### Task item:
Exact copies of all the lines below are wanted, without a single picture.

### Data excerpt:
——————

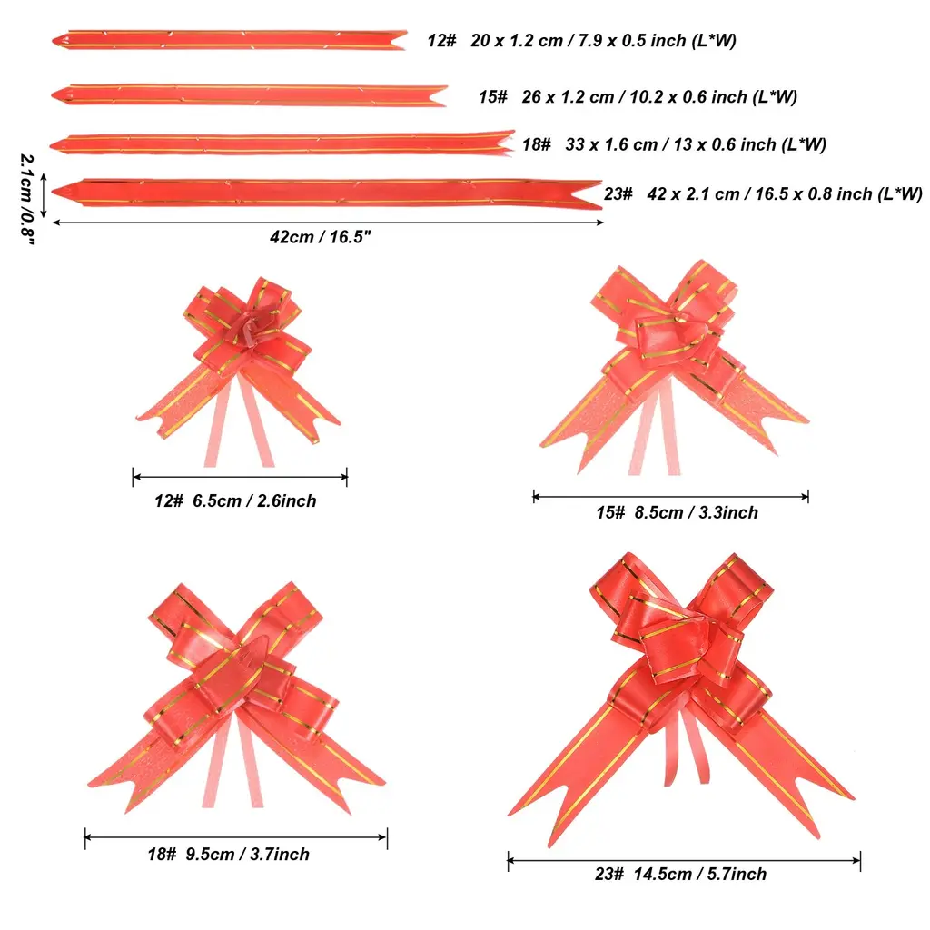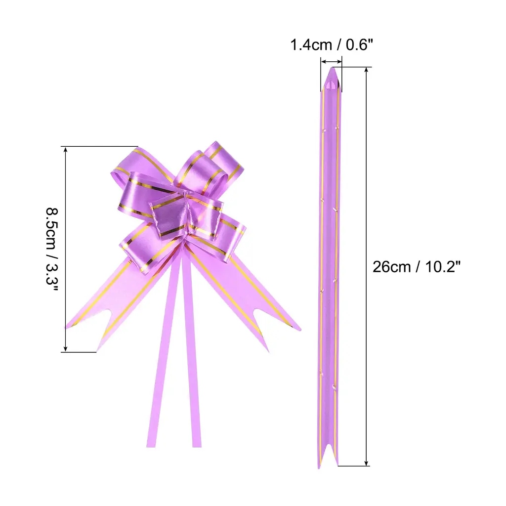 These pull bows can be widely used for the decoration of weddings, banquet, Christmas, New Year, Valentine's Day, and other festive celebrations, and can also be used for the decoration of birthday gifts, packaging boxes, bouquet gifts, wine bottles, fruit baskets, cars, etc, to add a festive atmosphere.SpecificationColor: Light PinkMaterial: PP PlasticBow Diameter: 8.5 cm / 3.3 inchSize Before Pulling: 26 x 1.4 cm / 10.2 x 0.6 inch (L*W)Packing List: 300pcs x Gift Wrapping Pull BowsAdvantageThe pull bow is made of waterproof plastic, it won't tear easily when pulled, and it's reusable and durable.The bow ribbons have bright colors, and the surface is shiny and lustrous, which plays a very good role in decorating the holiday, making the gift more beautiful and delicate.InstructionPull the two inner ribbon cords, push the outer ribbon up gently, tie a knot, or glue it to the gift box, easy to assemble.NOTE:Just push it up gently along the ribbon, avoiding too much force to damage the fixed knots.Due to manual measurement, there may be slight errors.
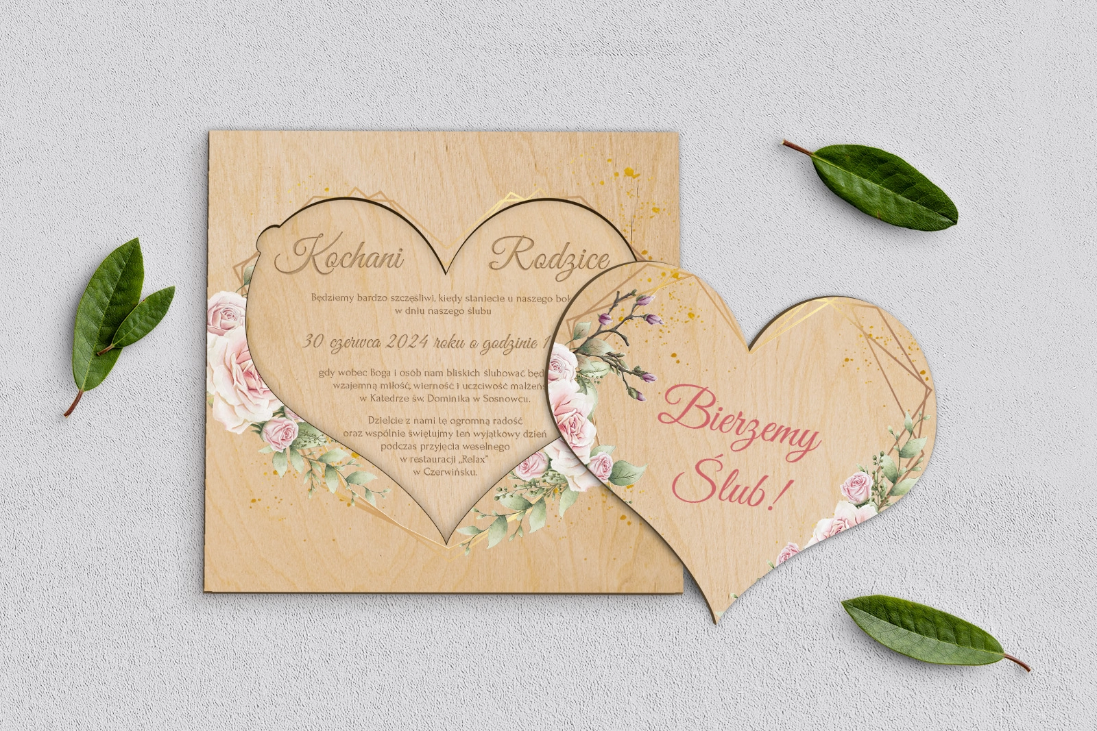 Drewniane Zaproszenie dla Rodziców - Złote Serca
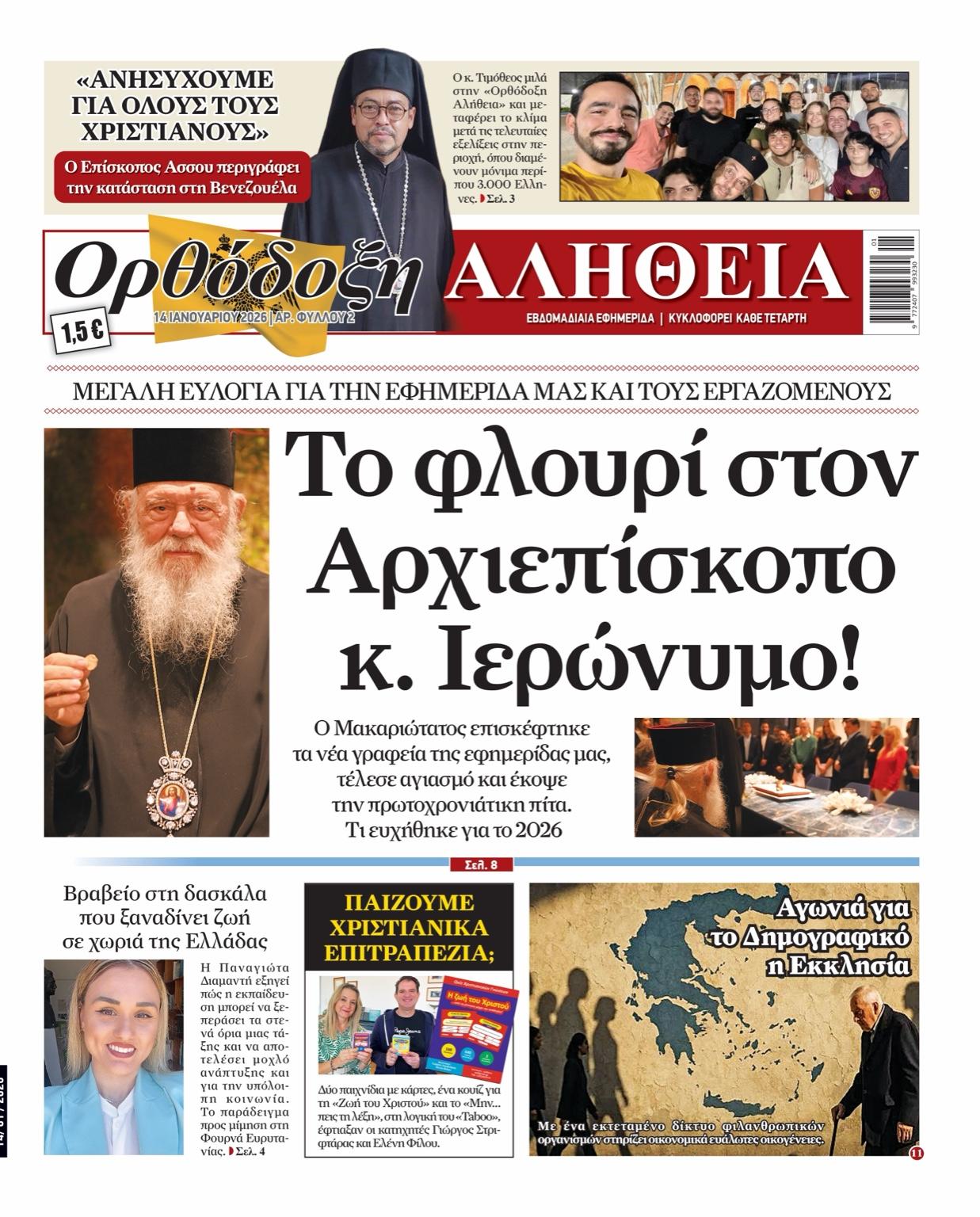 Στο τεύχος της “Ορθόδοξης Αλήθειας” που κυκλοφορεί αυτή την Τετάρτη στις 14/1 θα ξεφυλλίσετε σημαντικά θέματα που φωτίζουν την πίστη, την επικαιρότητα, την κοινωνία .

——————

### Exercise solution:
 These pull bows can be widely used for the decoration of weddings, banquet, Christmas, New Year, Valentine's Day, and other festive celebrations, and can also be used for the decoration of birthday gifts, packaging boxes, bouquet gifts, wine bottles, fruit baskets, cars, etc, to add a festive atmosphere.SpecificationColor: Light PinkMaterial: PP PlasticBow Diameter: 8.5 cm / 3.3 inchSize Before Pulling: 26 x 1.4 cm / 10.2 x 0.6 inch (L*W)Packing List: 300pcs x Gift Wrapping Pull BowsAdvantageThe pull bow is made of waterproof plastic, it won't tear easily when pulled, and it's reusable and durable.The bow ribbons have bright colors, and the surface is shiny and lustrous, which plays a very good role in decorating the holiday, making the gift more beautiful and delicate.InstructionPull the two inner ribbon cords, push the outer ribbon up gently, tie a knot, or glue it to the gift box, easy to assemble.NOTE:Just push it up gently along the ribbon, avoiding too much force to damage the fixed knots.Due to manual measurement, there may be slight errors.
 Drewniane Zaproszenie dla Rodziców - Złote Serca
 Στο τεύχος της “Ορθόδοξης Αλήθειας” που κυκλοφορεί αυτή την Τετάρτη στις 14/1 θα ξεφυλλίσετε σημαντικά θέματα που φωτίζουν την πίστη, την επικαιρότητα, την κοινωνία .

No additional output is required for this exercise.